И пускается объяснять про некое место в сетчатке человеческого глаза, куда якобы входит зрительный нерв. Тут, в этом месте, отсутствуют палочки и колбочки, воспринимающие свет. Сама она, дескать, читала в «Науке и жизни». Когда фокусная точка попадает на «пятно», человек предмета не видит. Это пятно, говорит Вера, это наше «эго», дурной индивидуальный эгоизм. И отсюда, мол, понятна мысль Льюиса, что в каждом есть нечто абсолютно невыносимое. Как раз это пятно. И поэтому смирение есть не доблесть, а единственный шажочек в разрешающем неразрешимую беду направлении...
– Потому и конца-краю нету сражению всех со всеми! – подводит она итоговую, малооптимистическую черту. – Бревно-то куда труднее узреть! Чем соринку-то...
– Одним словом, опять одна сплошная эта дочь Сталина! – с легкою усмешкою вздыхает Ляля.
– Какая еще дочь? – не понимает Вера. – О чем ты?
– А внебрачная! – охотно поясняет Ляля. – Идешь-идешь в «разрешающем-то неразрешимую» направлении, а тут бац – и опять какая-нибудь очередная внебрачная дочь.
Повисает пауза.
– Ты это про... Любаньку, да? – уточняет в явном замешательстве Вера. – Я что-то не то... Я... не понимаю, Ляль.
– А ты думаешь, я понимаю? – хмыкает Ляля.
– Она хочет сказать, – вмешивается наконец и Серафима, – что спервоначалу всё перепутают, а потом...
– Х-ха! Догадалась! – перебивает радостно Вера. – Ну, Симчик, молодец! Все тайное становится явным! Так? Это? Ты это хотела сказать, Лялечка?
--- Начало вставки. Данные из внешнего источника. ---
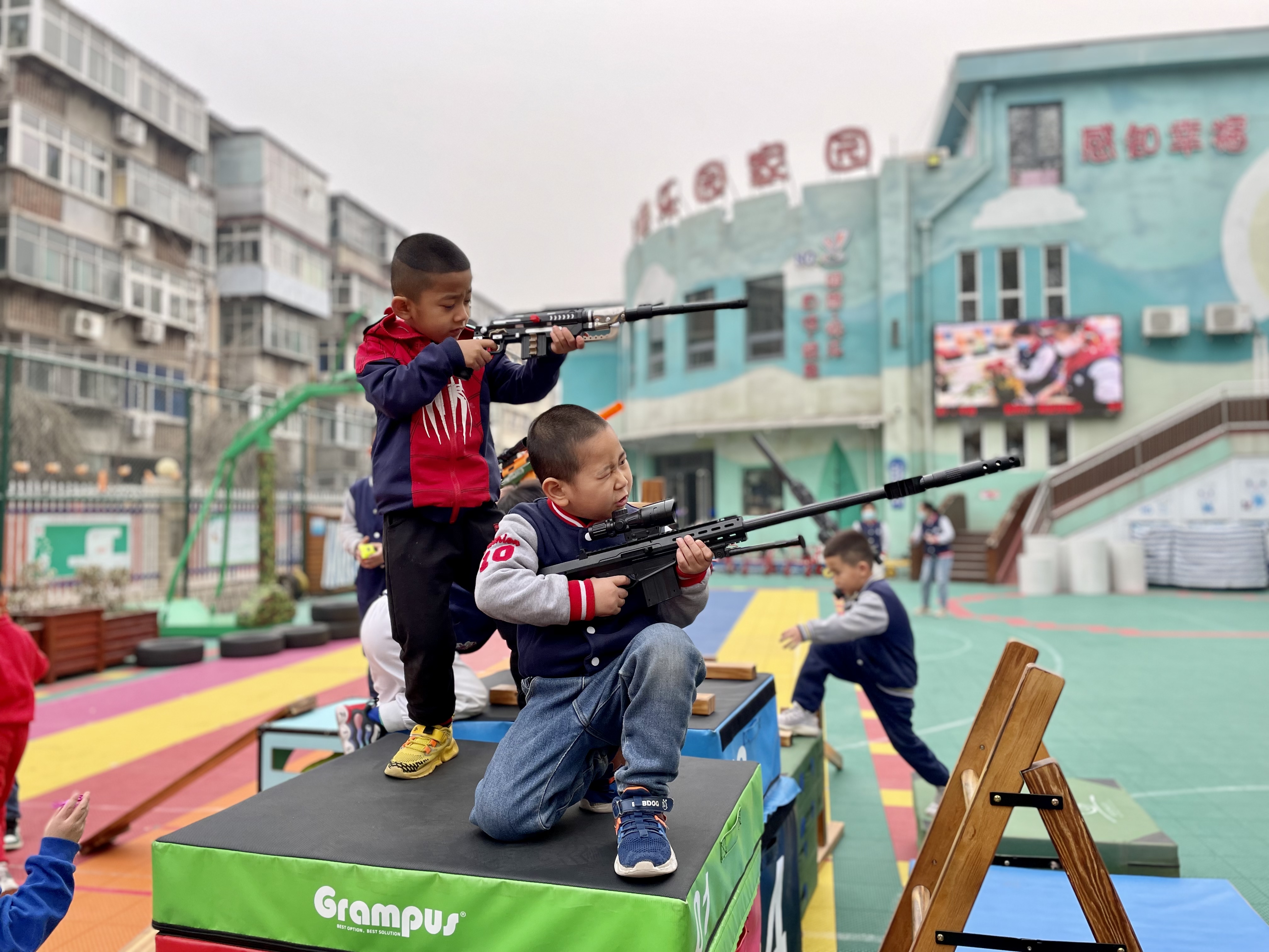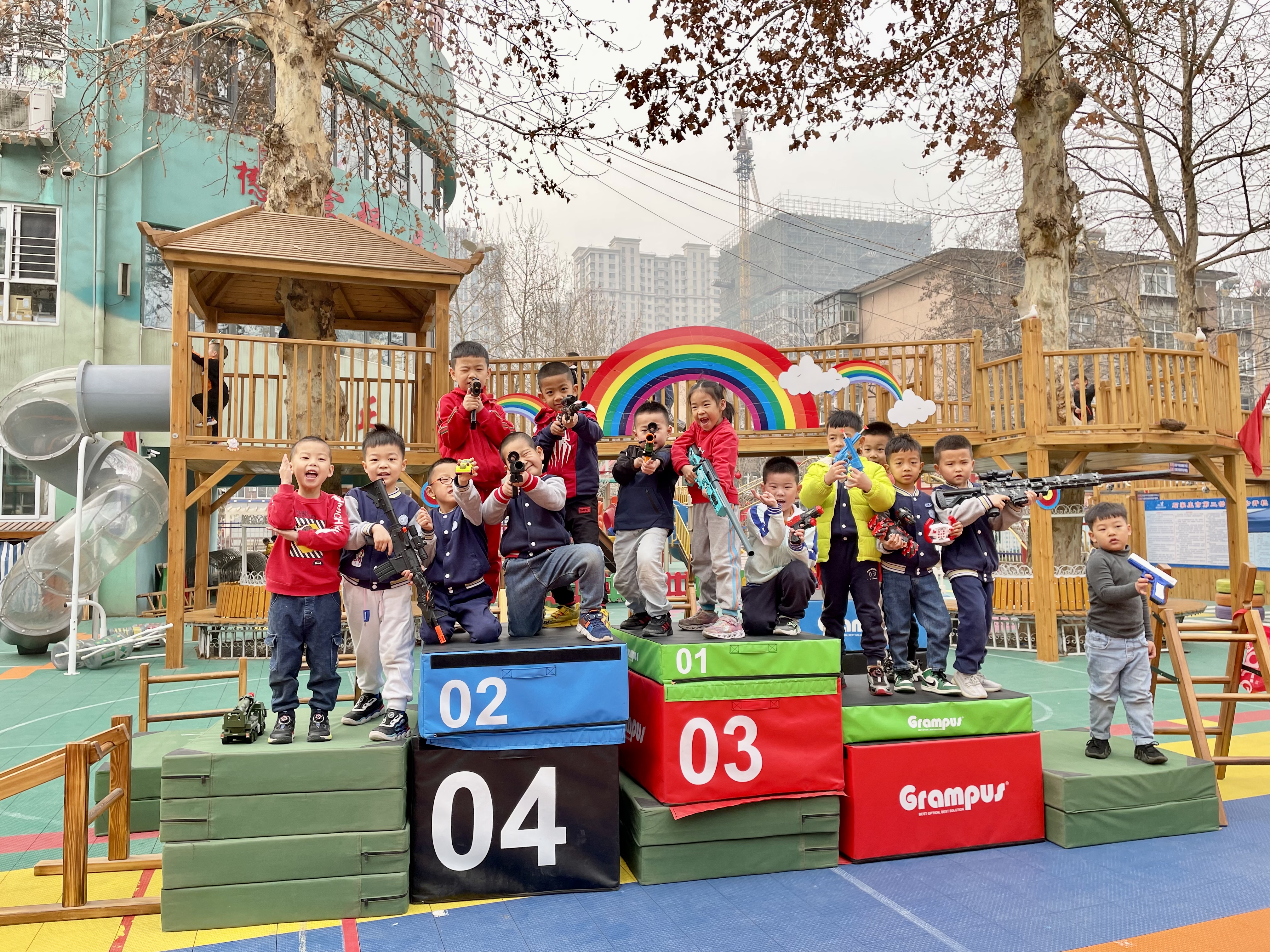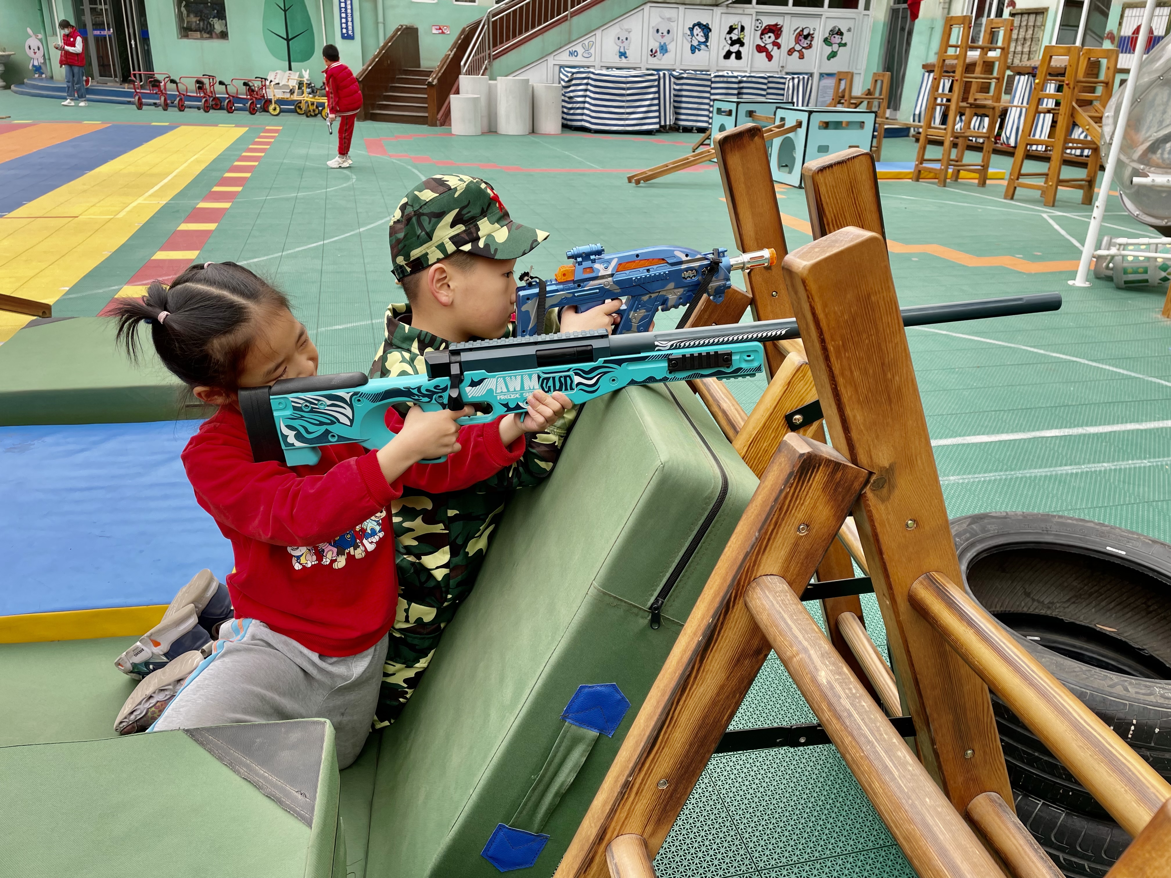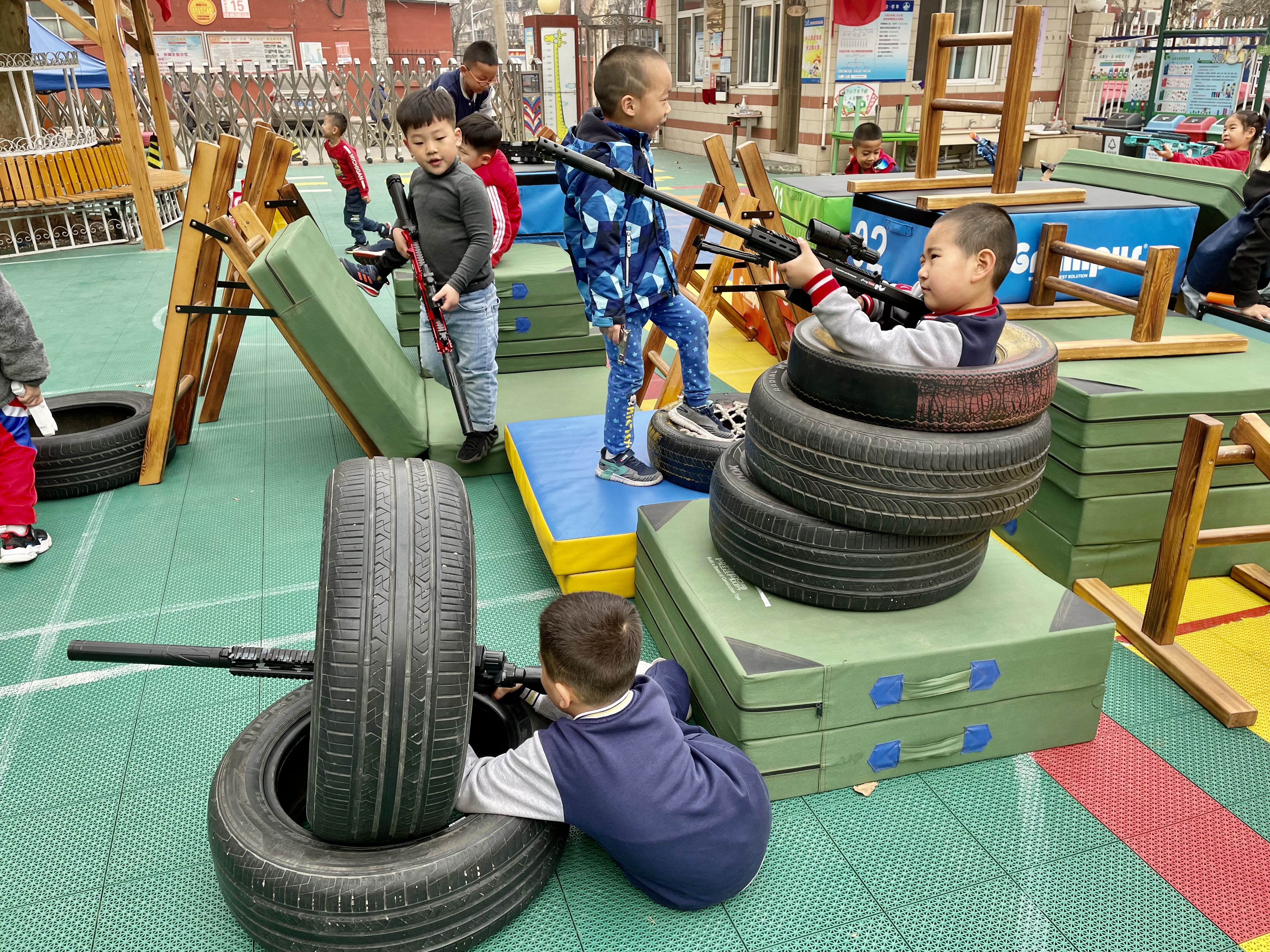又到了孩子们最喜欢的星期五啦!为了给孩子们一个真正快乐有意义的童年,幼儿园坚持适宜性、参与性、开放性原则,创设生活化、情境化、课程化、游戏化的环境,将游戏与课程有效整合,给孩子们提供了“多彩星期五”的活动,在这一天,孩子们可以充分自由的去探索、去想象、去创造,孩子们在游戏中学习、在游戏中养成良好的习惯,在游戏中健康快乐成长。 在最受孩子们喜欢的“军事基地”活动中,孩子们利用一些辅助器械,进行防御工事的搭建,在此过程中孩子们通过一次次尝试,一次次体验,不断克服困难,最终搭建了理想中的防御工事并开展游戏。 孩子们的游戏需要自由自主的空间,孩子们的能力也需要在创造愉悦氛围中获得发展,让我们一起来看看孩子们一上午的精彩表现吧!
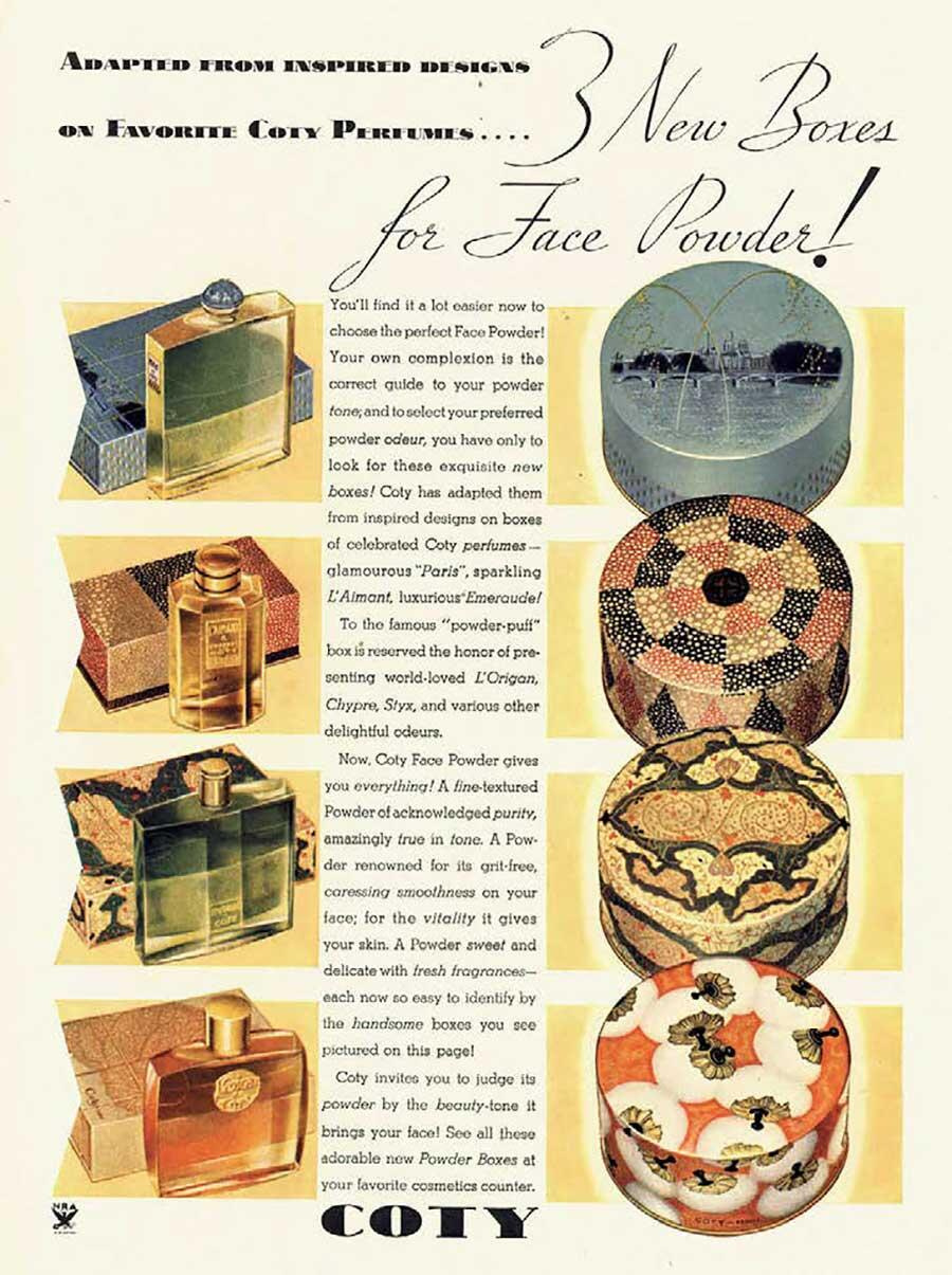 Реклама Coty 1930-х годов демонстрирует неповторимый подход компании к созданию красивой упаковки.
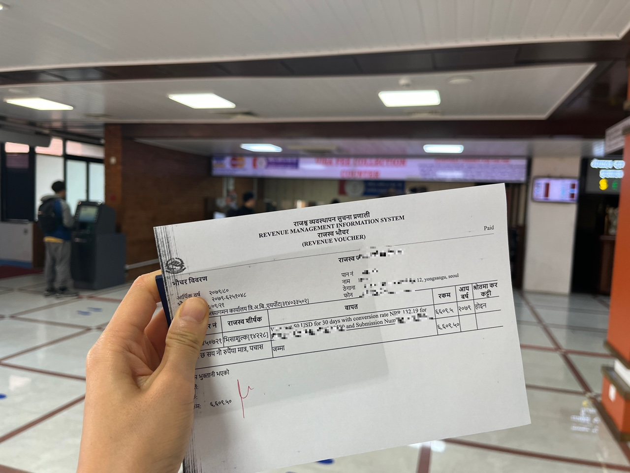 - 카드 창구도 있지만 줄이 길기 떄문에 왠만하면 달러, 원화 or 루피로 현금을 챙겨라.
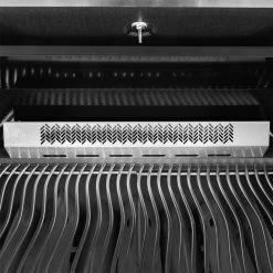 The Napoleon Prestige BIP500RBNSS-3 500 blends quality and performance into one package. The Napoleon BIP500RBNSS-3 built-in natural gas grill has four stainless steel tube burners that provide up to 48,000 BTUs of cooking power. The grill has stainless steel cooking grates with 500 square inches of main cooking area and 260 square inches across the plated steel warming area for a total of 760 square inches of cooking area. The Napoleon Jetfire ignition with crossover lighting starts each burner individually for a reliable start-up every time and allows you to light all the burners at the same time. The stainless steel Wave cooking grids create the trademark Napoleon sear lines and allow for better heat retention. The dual-level, stainless steel, sear plates vaporize drippings, control flare-ups, and keep your food moist. This Prestige 500 also has an 18,000 BTU stainless steel rear infrared burner and rotisserie kit for roasting. The hood features an Accu-Probe temperature gauge, cast aluminum end caps, and retains heat for oven-like performance. The SafetyGlow control knobs turn from blue to red when a burner is in use. Clean-up is a cinch with the full-width removable drip pan. This Napoleon grill is manufactured in Canada.

Но ответа Лялиного не слыхать. Она, возможно, пожимает плечами или высовывает язычок в подтвержденье либо отрицая Верину «догадку». Это отцу Варсонофию останется неизвестным теперь уж до скончания его дней.
Вера еще что-то говорит, разглагольствует о необходимости строить душу, о любви к врагам, на которую чувствует себя категорически неспособной, что есть враги человеку – и это одно, а есть – церкви, и это совсем-совсем другое, а между тем поезд, столько времени буровивший пространство, подбирается к знакомым до родственности привокзальным путям.
Отец Варсонофий спускается с верхней полки, завязывает на импортных, на толстой подошве, ботинках длинные шнурки, надевает шарф, шляпу и долгополое, по последней моде, пальто.
Вера двигает к проходу похудевшие дорожные сумки. Где-то там, в неровном рядке покрытых ночной испариной легковушек, ждет их сейчас уютно-угретый «жигуленок» Чижика.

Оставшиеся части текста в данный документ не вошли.